● Description of the task
Skip the pictures. Output only the lines below starting at the line with "投稿日時: 2019/11/10 投稿者: admin" and ending at the line with "Nestled in the", both ends included, exactly as they are.

● Dataset records
········

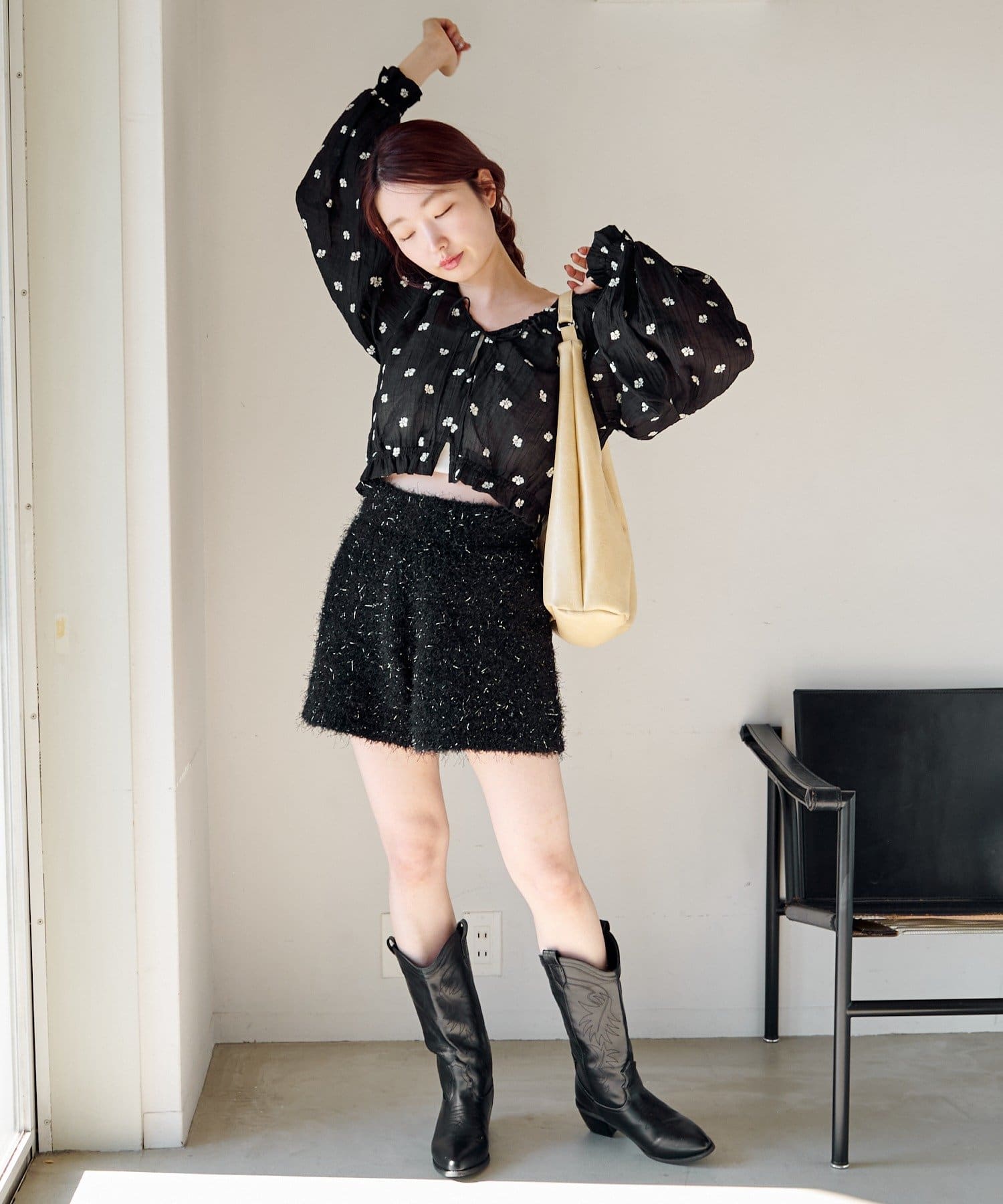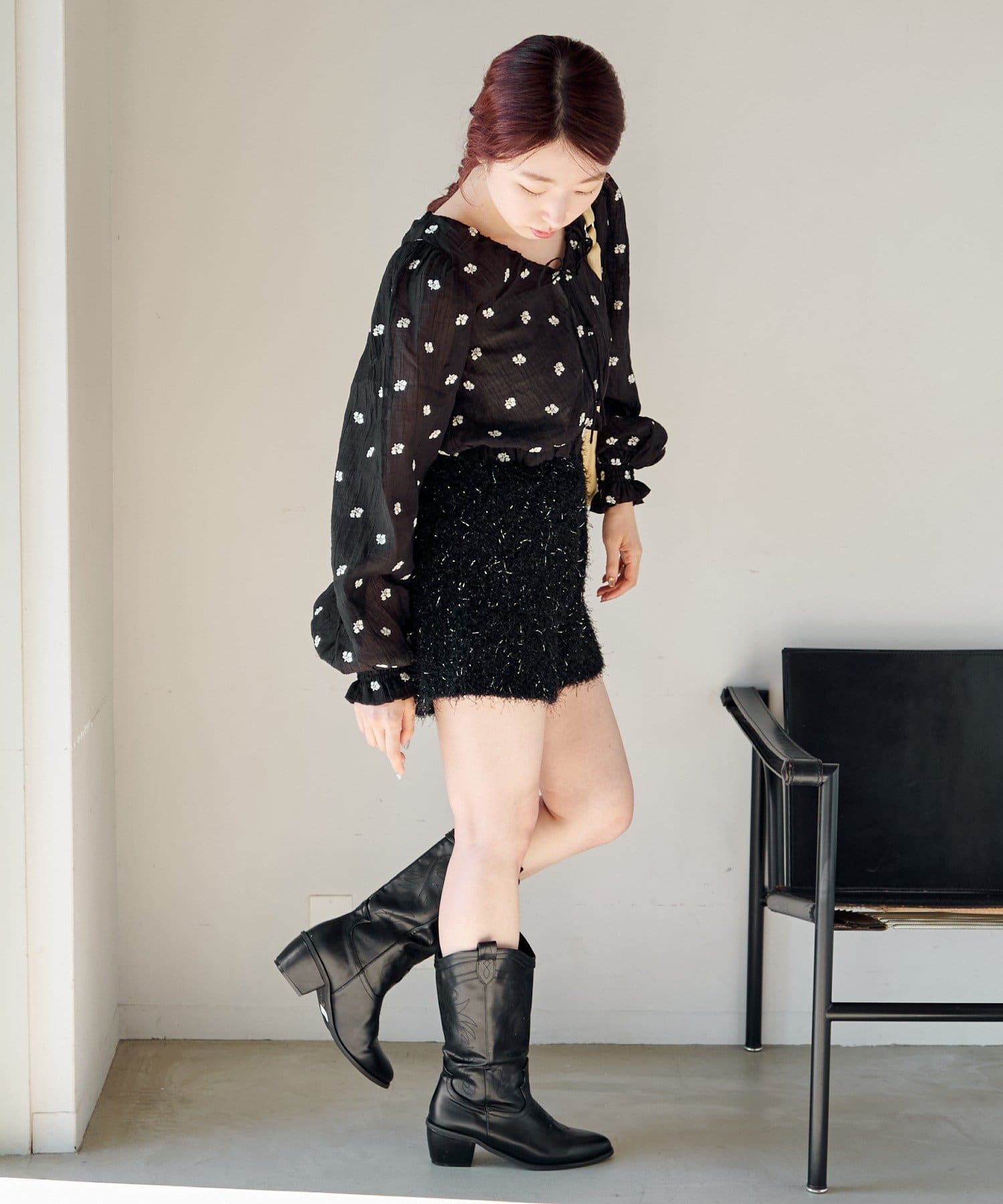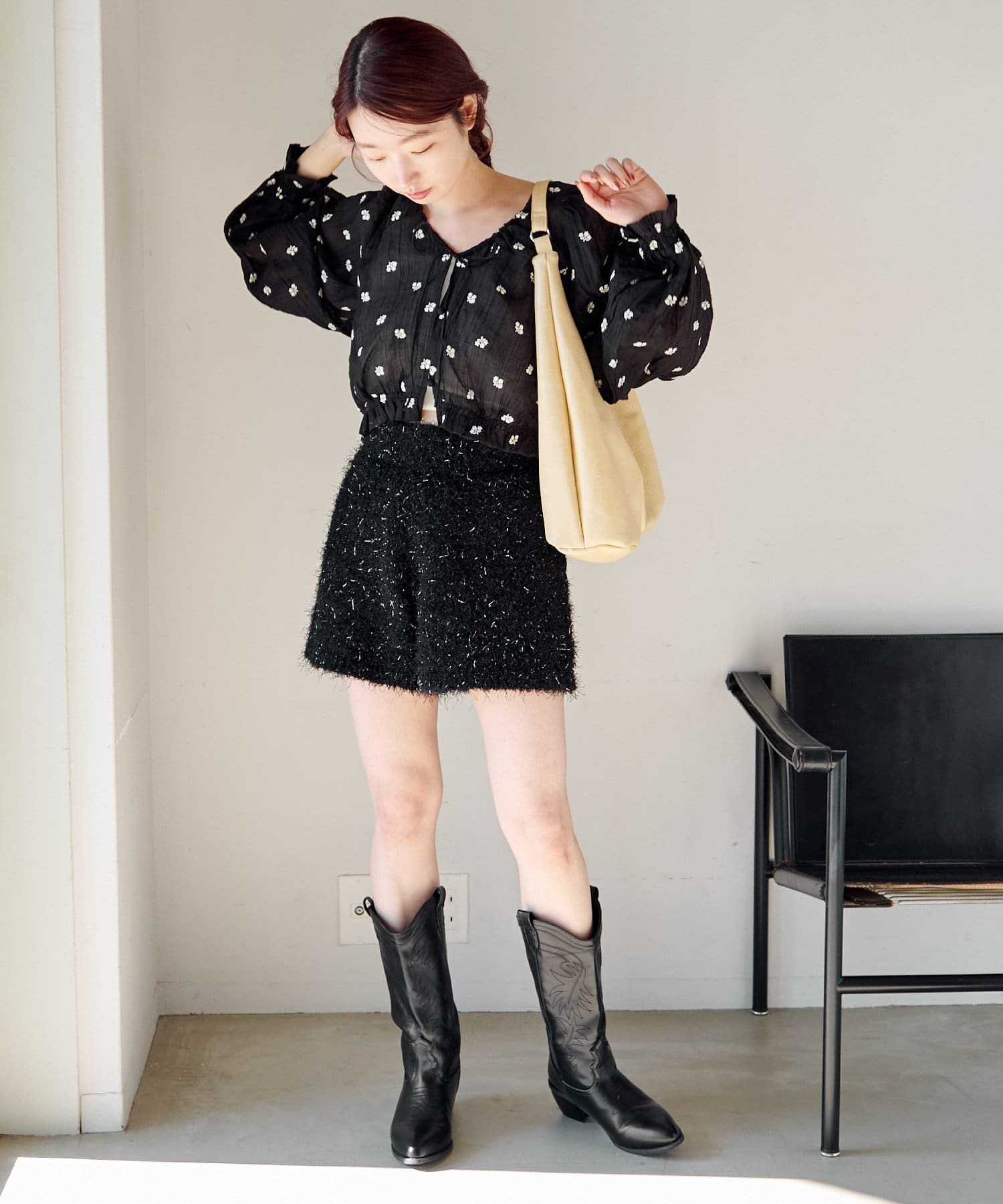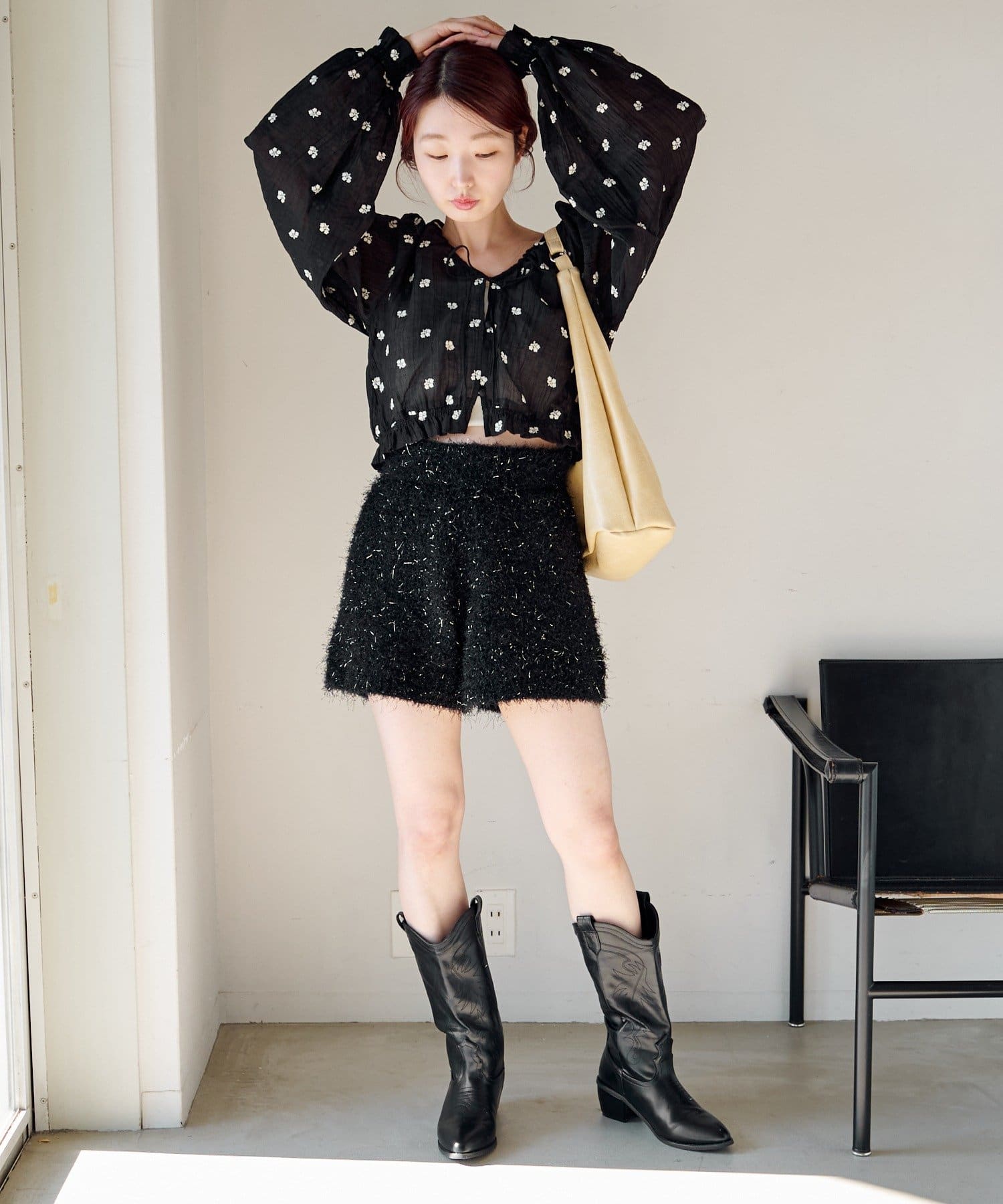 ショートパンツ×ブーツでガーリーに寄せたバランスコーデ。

········

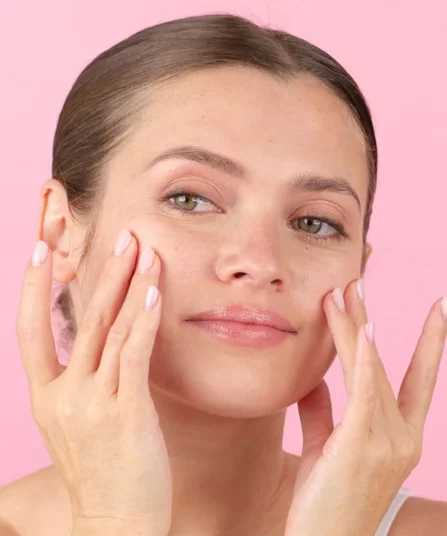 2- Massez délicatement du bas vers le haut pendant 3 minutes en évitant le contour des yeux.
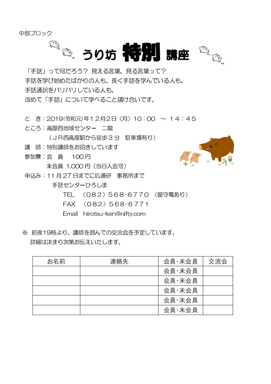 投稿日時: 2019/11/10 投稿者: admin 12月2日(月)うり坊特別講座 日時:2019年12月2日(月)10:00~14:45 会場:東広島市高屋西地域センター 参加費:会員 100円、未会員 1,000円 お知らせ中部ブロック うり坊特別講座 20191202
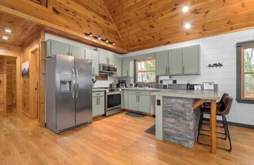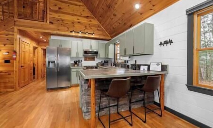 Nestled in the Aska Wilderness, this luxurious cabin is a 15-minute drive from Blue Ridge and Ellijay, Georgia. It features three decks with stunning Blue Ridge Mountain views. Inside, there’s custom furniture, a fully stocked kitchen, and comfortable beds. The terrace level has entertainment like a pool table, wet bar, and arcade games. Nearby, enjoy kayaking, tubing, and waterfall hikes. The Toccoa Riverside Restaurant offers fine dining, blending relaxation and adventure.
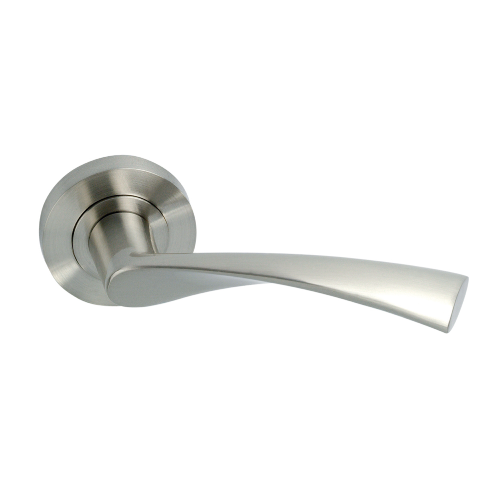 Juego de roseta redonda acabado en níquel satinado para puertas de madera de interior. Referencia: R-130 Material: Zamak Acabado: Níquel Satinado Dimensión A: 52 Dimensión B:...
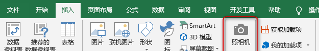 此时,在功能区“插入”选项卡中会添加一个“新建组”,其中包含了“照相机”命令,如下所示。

········

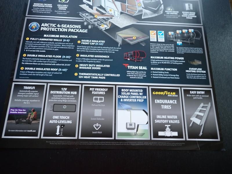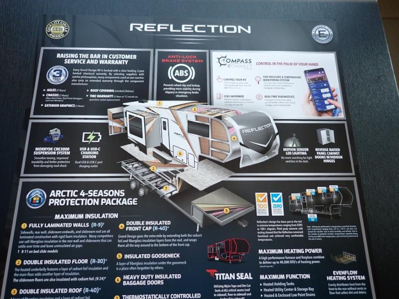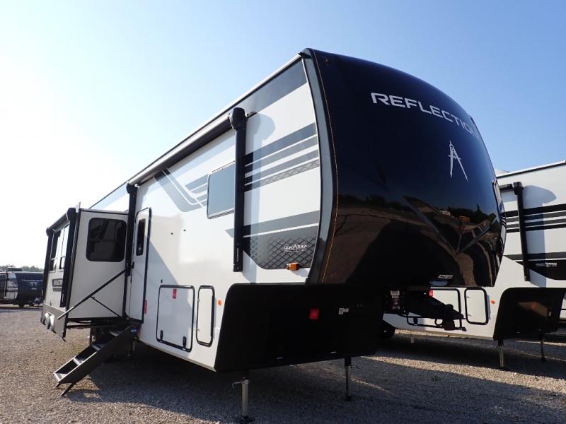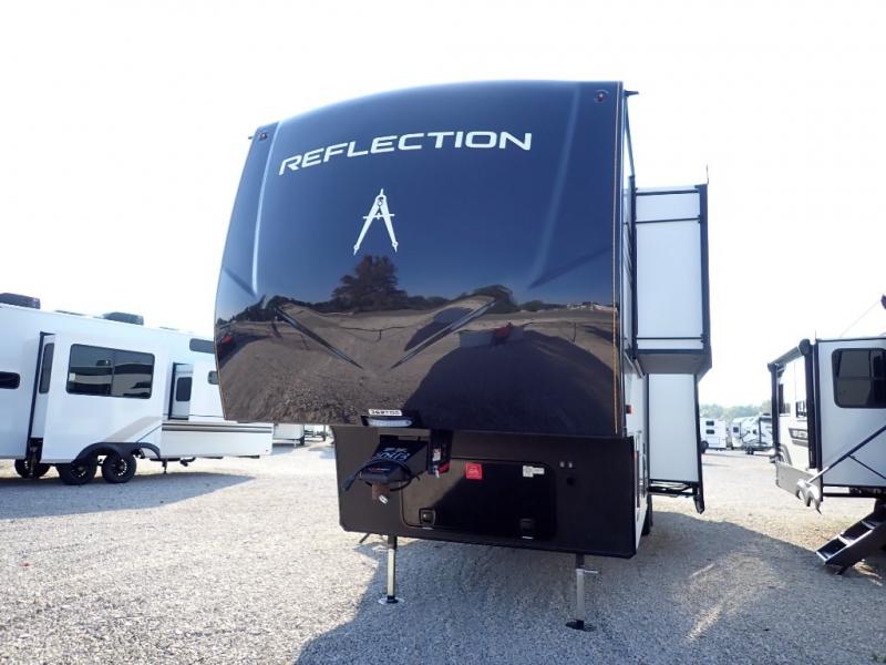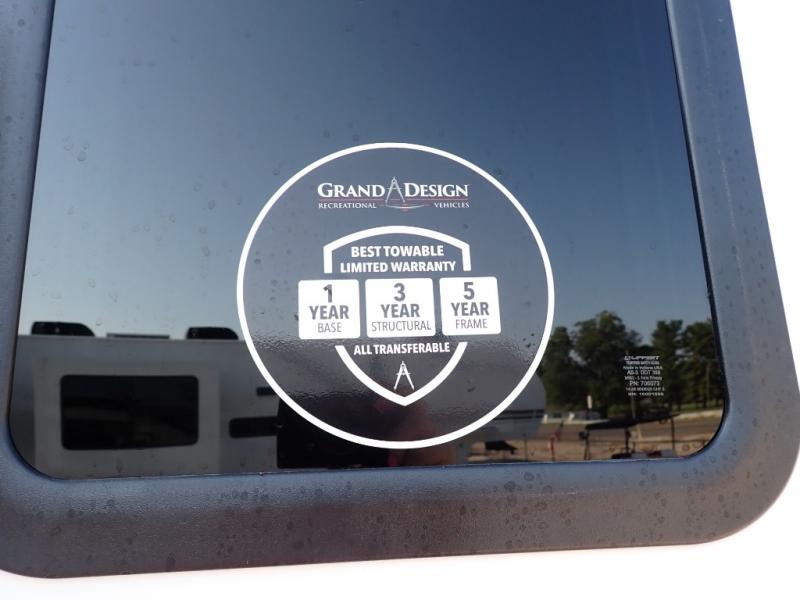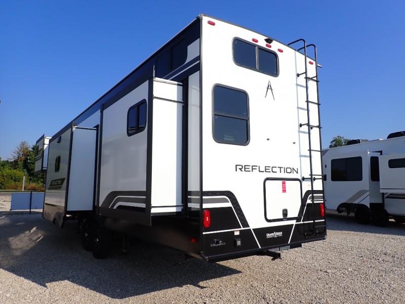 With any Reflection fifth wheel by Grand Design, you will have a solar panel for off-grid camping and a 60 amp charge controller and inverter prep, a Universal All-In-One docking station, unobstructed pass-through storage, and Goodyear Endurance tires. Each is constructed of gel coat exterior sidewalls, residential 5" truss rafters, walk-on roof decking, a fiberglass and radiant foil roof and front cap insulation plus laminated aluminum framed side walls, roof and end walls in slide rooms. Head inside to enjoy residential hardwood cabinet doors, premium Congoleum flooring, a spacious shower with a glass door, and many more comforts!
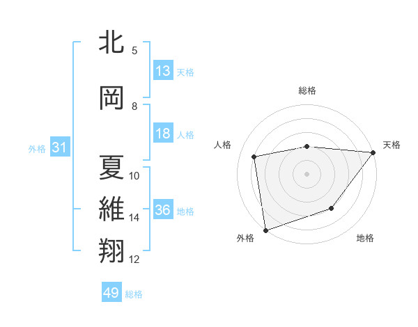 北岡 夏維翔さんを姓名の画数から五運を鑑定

········

● Written solution
 投稿日時: 2019/11/10 投稿者: admin 12月2日(月)うり坊特別講座 日時:2019年12月2日(月)10:00~14:45 会場:東広島市高屋西地域センター 参加費:会員 100円、未会員 1,000円 お知らせ中部ブロック うり坊特別講座 20191202
 Nestled in the Aska Wilderness, this luxurious cabin is a 15-minute drive from Blue Ridge and Ellijay, Georgia. It features three decks with stunning Blue Ridge Mountain views. Inside, there’s custom furniture, a fully stocked kitchen, and comfortable beds. The terrace level has entertainment like a pool table, wet bar, and arcade games. Nearby, enjoy kayaking, tubing, and waterfall hikes. The Toccoa Riverside Restaurant offers fine dining, blending relaxation and adventure.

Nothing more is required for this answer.